Every line of the listing below is to be duplicated exactly, with the pictures left out.

> [Data for this exercise]

------------------------------------------------

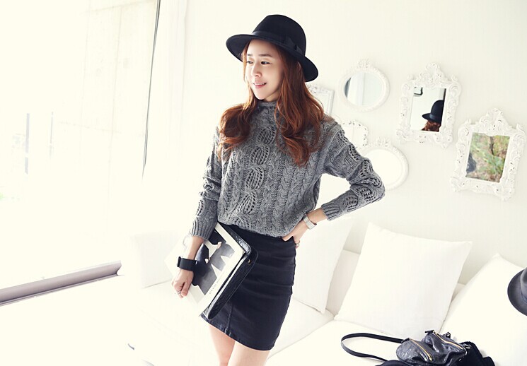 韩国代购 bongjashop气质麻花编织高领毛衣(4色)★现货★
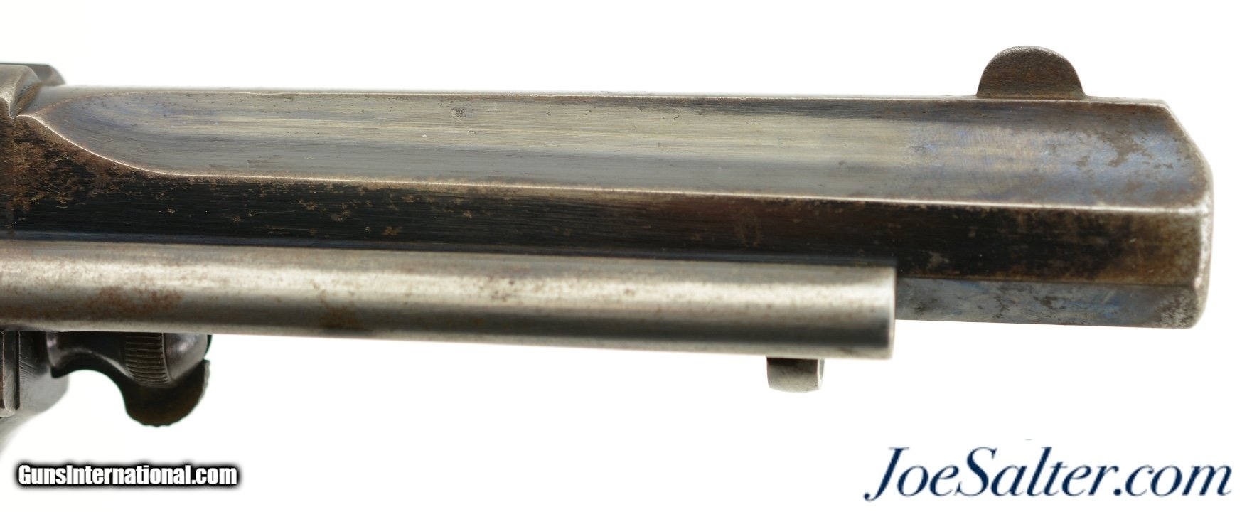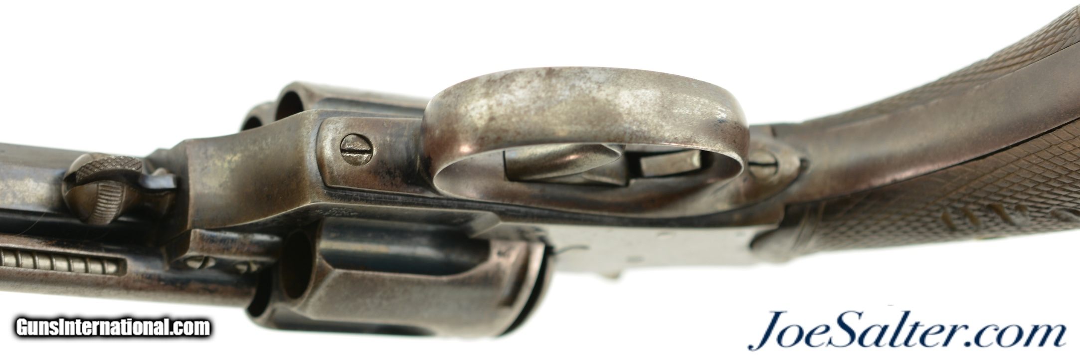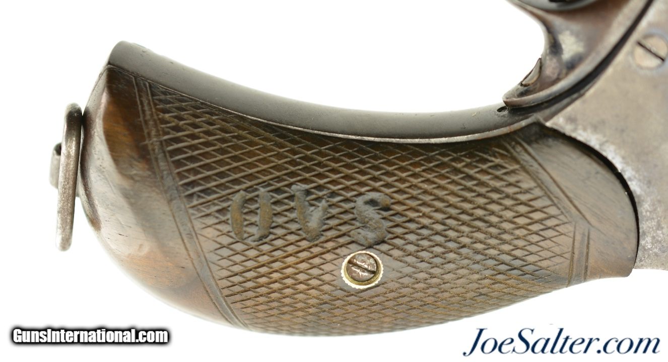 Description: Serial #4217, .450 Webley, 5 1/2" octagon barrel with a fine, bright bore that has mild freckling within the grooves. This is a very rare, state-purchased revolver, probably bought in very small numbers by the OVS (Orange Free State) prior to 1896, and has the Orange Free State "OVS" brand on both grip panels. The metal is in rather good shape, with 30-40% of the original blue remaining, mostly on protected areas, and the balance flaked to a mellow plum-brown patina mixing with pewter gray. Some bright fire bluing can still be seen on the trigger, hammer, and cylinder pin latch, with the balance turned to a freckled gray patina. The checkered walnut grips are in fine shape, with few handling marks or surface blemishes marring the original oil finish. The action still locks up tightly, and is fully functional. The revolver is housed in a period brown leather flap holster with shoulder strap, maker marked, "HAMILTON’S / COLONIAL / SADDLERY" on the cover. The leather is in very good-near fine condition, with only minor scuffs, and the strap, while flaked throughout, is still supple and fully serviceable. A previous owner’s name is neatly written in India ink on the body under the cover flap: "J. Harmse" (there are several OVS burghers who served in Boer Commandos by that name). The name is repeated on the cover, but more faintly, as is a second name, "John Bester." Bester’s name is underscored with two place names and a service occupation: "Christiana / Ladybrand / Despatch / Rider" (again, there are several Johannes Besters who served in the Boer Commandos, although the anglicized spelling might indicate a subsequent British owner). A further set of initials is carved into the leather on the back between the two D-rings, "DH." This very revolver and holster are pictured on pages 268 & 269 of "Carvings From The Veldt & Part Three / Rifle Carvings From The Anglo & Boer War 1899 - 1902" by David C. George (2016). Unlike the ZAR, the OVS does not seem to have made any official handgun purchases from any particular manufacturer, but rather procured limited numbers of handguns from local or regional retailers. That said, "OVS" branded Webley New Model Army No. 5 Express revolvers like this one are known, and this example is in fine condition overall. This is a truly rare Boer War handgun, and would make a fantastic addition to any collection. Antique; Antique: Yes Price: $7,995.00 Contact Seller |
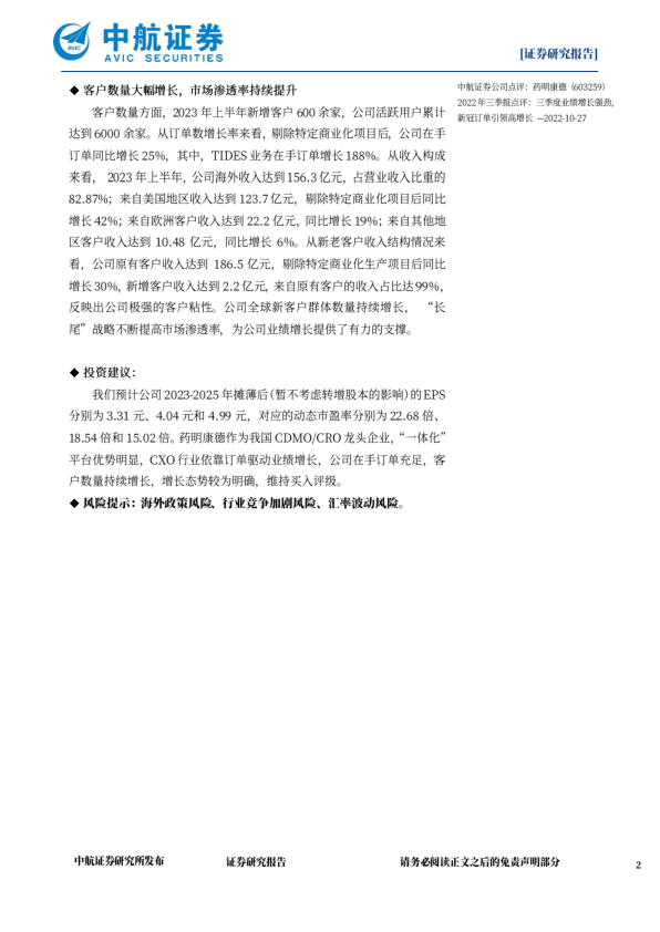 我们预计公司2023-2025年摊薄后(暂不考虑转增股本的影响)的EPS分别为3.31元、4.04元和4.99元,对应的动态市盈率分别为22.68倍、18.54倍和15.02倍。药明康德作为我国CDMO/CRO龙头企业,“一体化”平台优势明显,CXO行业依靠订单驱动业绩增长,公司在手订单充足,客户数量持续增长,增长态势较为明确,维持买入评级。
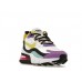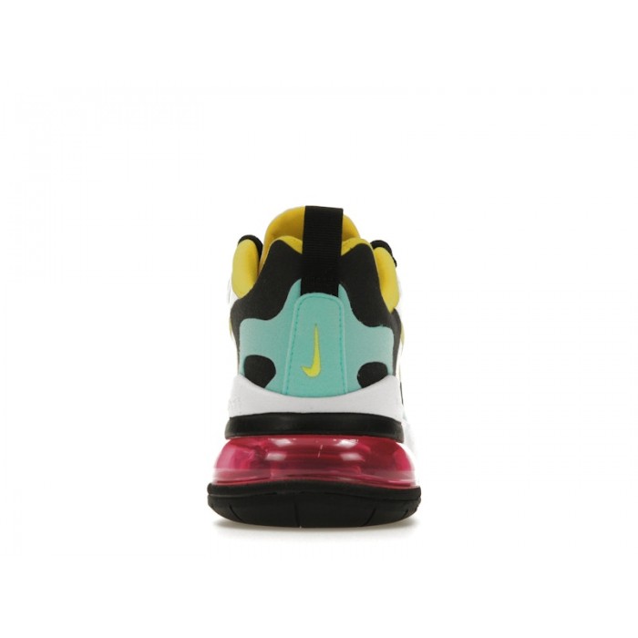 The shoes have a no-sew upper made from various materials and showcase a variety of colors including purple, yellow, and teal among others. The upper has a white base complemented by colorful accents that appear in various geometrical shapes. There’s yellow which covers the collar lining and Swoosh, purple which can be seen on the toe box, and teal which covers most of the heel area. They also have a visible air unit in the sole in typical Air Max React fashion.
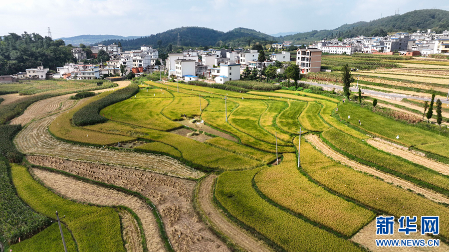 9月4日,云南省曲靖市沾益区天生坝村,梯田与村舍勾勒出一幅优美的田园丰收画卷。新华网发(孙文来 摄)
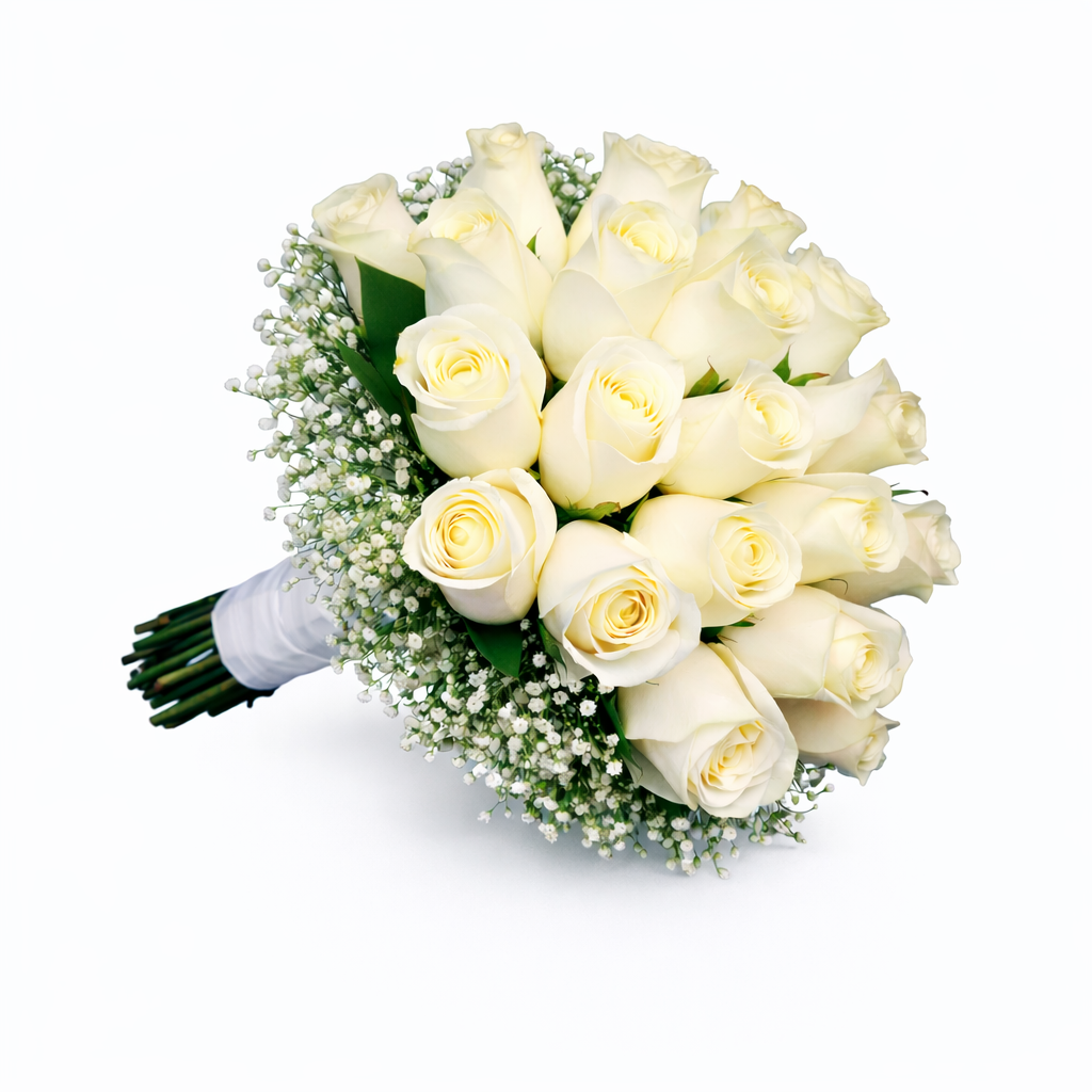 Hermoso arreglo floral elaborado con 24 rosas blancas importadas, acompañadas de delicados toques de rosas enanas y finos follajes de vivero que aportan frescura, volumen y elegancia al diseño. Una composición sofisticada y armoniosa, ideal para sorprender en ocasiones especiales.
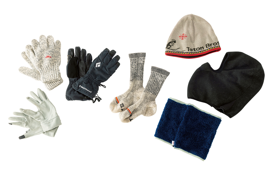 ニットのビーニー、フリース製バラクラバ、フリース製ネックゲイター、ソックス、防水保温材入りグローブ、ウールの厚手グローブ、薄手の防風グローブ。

------------------------------------------------

> [Written response]
 韩国代购 bongjashop气质麻花编织高领毛衣(4色)★现货★
 Description: Serial #4217, .450 Webley, 5 1/2" octagon barrel with a fine, bright bore that has mild freckling within the grooves. This is a very rare, state-purchased revolver, probably bought in very small numbers by the OVS (Orange Free State) prior to 1896, and has the Orange Free State "OVS" brand on both grip panels. The metal is in rather good shape, with 30-40% of the original blue remaining, mostly on protected areas, and the balance flaked to a mellow plum-brown patina mixing with pewter gray. Some bright fire bluing can still be seen on the trigger, hammer, and cylinder pin latch, with the balance turned to a freckled gray patina. The checkered walnut grips are in fine shape, with few handling marks or surface blemishes marring the original oil finish. The action still locks up tightly, and is fully functional. The revolver is housed in a period brown leather flap holster with shoulder strap, maker marked, "HAMILTON’S / COLONIAL / SADDLERY" on the cover. The leather is in very good-near fine condition, with only minor scuffs, and the strap, while flaked throughout, is still supple and fully serviceable. A previous owner’s name is neatly written in India ink on the body under the cover flap: "J. Harmse" (there are several OVS burghers who served in Boer Commandos by that name). The name is repeated on the cover, but more faintly, as is a second name, "John Bester." Bester’s name is underscored with two place names and a service occupation: "Christiana / Ladybrand / Despatch / Rider" (again, there are several Johannes Besters who served in the Boer Commandos, although the anglicized spelling might indicate a subsequent British owner). A further set of initials is carved into the leather on the back between the two D-rings, "DH." This very revolver and holster are pictured on pages 268 & 269 of "Carvings From The Veldt & Part Three / Rifle Carvings From The Anglo & Boer War 1899 - 1902" by David C. George (2016). Unlike the ZAR, the OVS does not seem to have made any official handgun purchases from any particular manufacturer, but rather procured limited numbers of handguns from local or regional retailers. That said, "OVS" branded Webley New Model Army No. 5 Express revolvers like this one are known, and this example is in fine condition overall. This is a truly rare Boer War handgun, and would make a fantastic addition to any collection. Antique; Antique: Yes Price: $7,995.00 Contact Seller |
 我们预计公司2023-2025年摊薄后(暂不考虑转增股本的影响)的EPS分别为3.31元、4.04元和4.99元,对应的动态市盈率分别为22.68倍、18.54倍和15.02倍。药明康德作为我国CDMO/CRO龙头企业,“一体化”平台优势明显,CXO行业依靠订单驱动业绩增长,公司在手订单充足,客户数量持续增长,增长态势较为明确,维持买入评级。
 The shoes have a no-sew upper made from various materials and showcase a variety of colors including purple, yellow, and teal among others. The upper has a white base complemented by colorful accents that appear in various geometrical shapes. There’s yellow which covers the collar lining and Swoosh, purple which can be seen on the toe box, and teal which covers most of the heel area. They also have a visible air unit in the sole in typical Air Max React fashion.
 9月4日,云南省曲靖市沾益区天生坝村,梯田与村舍勾勒出一幅优美的田园丰收画卷。新华网发(孙文来 摄)
 Hermoso arreglo floral elaborado con 24 rosas blancas importadas, acompañadas de delicados toques de rosas enanas y finos follajes de vivero que aportan frescura, volumen y elegancia al diseño. Una composición sofisticada y armoniosa, ideal para sorprender en ocasiones especiales.
 ニットのビーニー、フリース製バラクラバ、フリース製ネックゲイター、ソックス、防水保温材入りグローブ、ウールの厚手グローブ、薄手の防風グローブ。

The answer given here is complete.